A verbatim repeat of the lines below is required, with the pictures removed.

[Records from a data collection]

·····

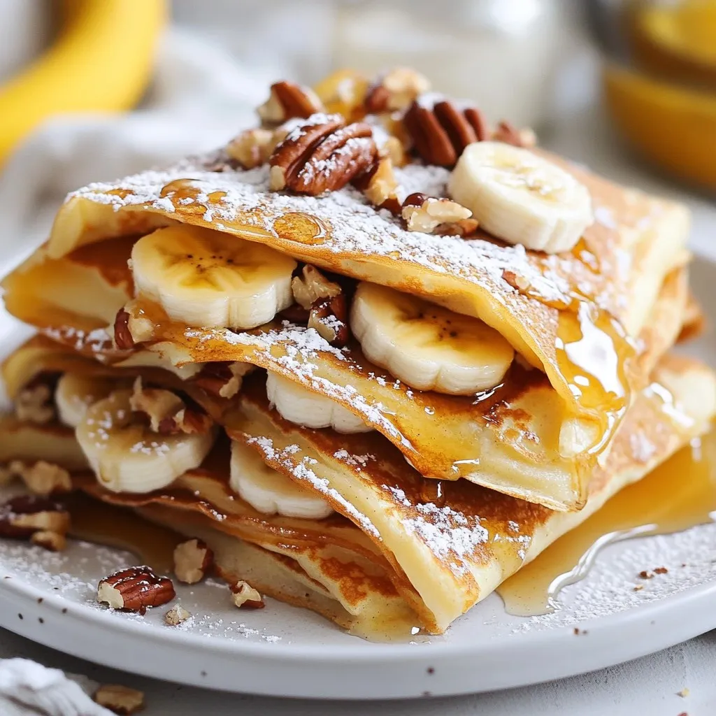 • Serve: Arrange the filled crepes on a serving plate. Top generously with sliced bananas, a sprinkle of chopped pecans if using, and a lavish drizzle of maple syrup.
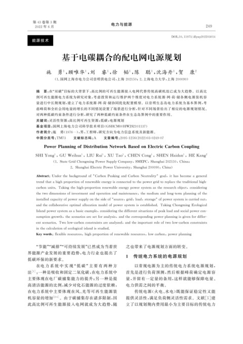 ( 1.StateGridChon g min gPowerSu pp l yCom p an y , SMEPC , Shan g hai202150 , China ;
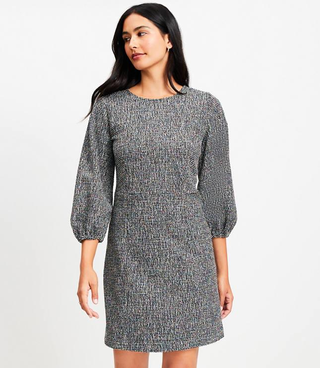 Soft knit tweed fabric in a matte gray hue shapes this shift mini dress with a flattering regular fit. The round neckline and three-quarter blouson sleeves with elastic cuffs add elegant volume and modern flair. An edgy exposed back zipper closure enhances the clean-lined silhouette, making it perfect for autumn and winter. This versatile dress suits business casual settings, workwear, or stylish date nights, combining comfort and chic sophistication with ease.
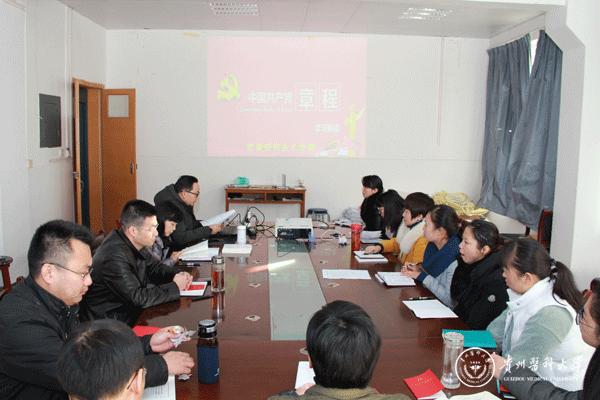 12月20日,党委研究生工作部组织教工支部在北校区研究生院三楼会议室集中学习新党章,教工支部全体党员及入党积极分子参加,学习由党委研究生工作部副部长余资江主持。
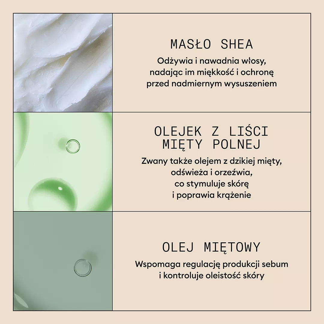 - Normalizuje i odświeża skórę głowy, przygotowując ją do dalszych etapów pielęgnacji
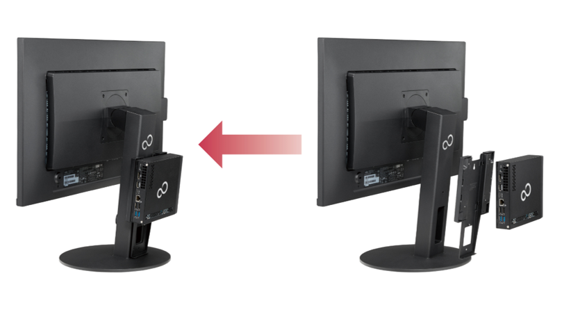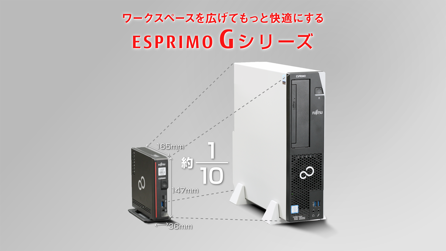 デスクの上を有効活用できる超コンパクト設計。わずか約0.87リットルのシリーズ最小筐体だからレイアウトフリー。

·····

(SOLUTION FOR THIS EXERCISE):
 • Serve: Arrange the filled crepes on a serving plate. Top generously with sliced bananas, a sprinkle of chopped pecans if using, and a lavish drizzle of maple syrup.
 ( 1.StateGridChon g min gPowerSu pp l yCom p an y , SMEPC , Shan g hai202150 , China ;
 Soft knit tweed fabric in a matte gray hue shapes this shift mini dress with a flattering regular fit. The round neckline and three-quarter blouson sleeves with elastic cuffs add elegant volume and modern flair. An edgy exposed back zipper closure enhances the clean-lined silhouette, making it perfect for autumn and winter. This versatile dress suits business casual settings, workwear, or stylish date nights, combining comfort and chic sophistication with ease.
 12月20日,党委研究生工作部组织教工支部在北校区研究生院三楼会议室集中学习新党章,教工支部全体党员及入党积极分子参加,学习由党委研究生工作部副部长余资江主持。
 - Normalizuje i odświeża skórę głowy, przygotowując ją do dalszych etapów pielęgnacji
 デスクの上を有効活用できる超コンパクト設計。わずか約0.87リットルのシリーズ最小筐体だからレイアウトフリー。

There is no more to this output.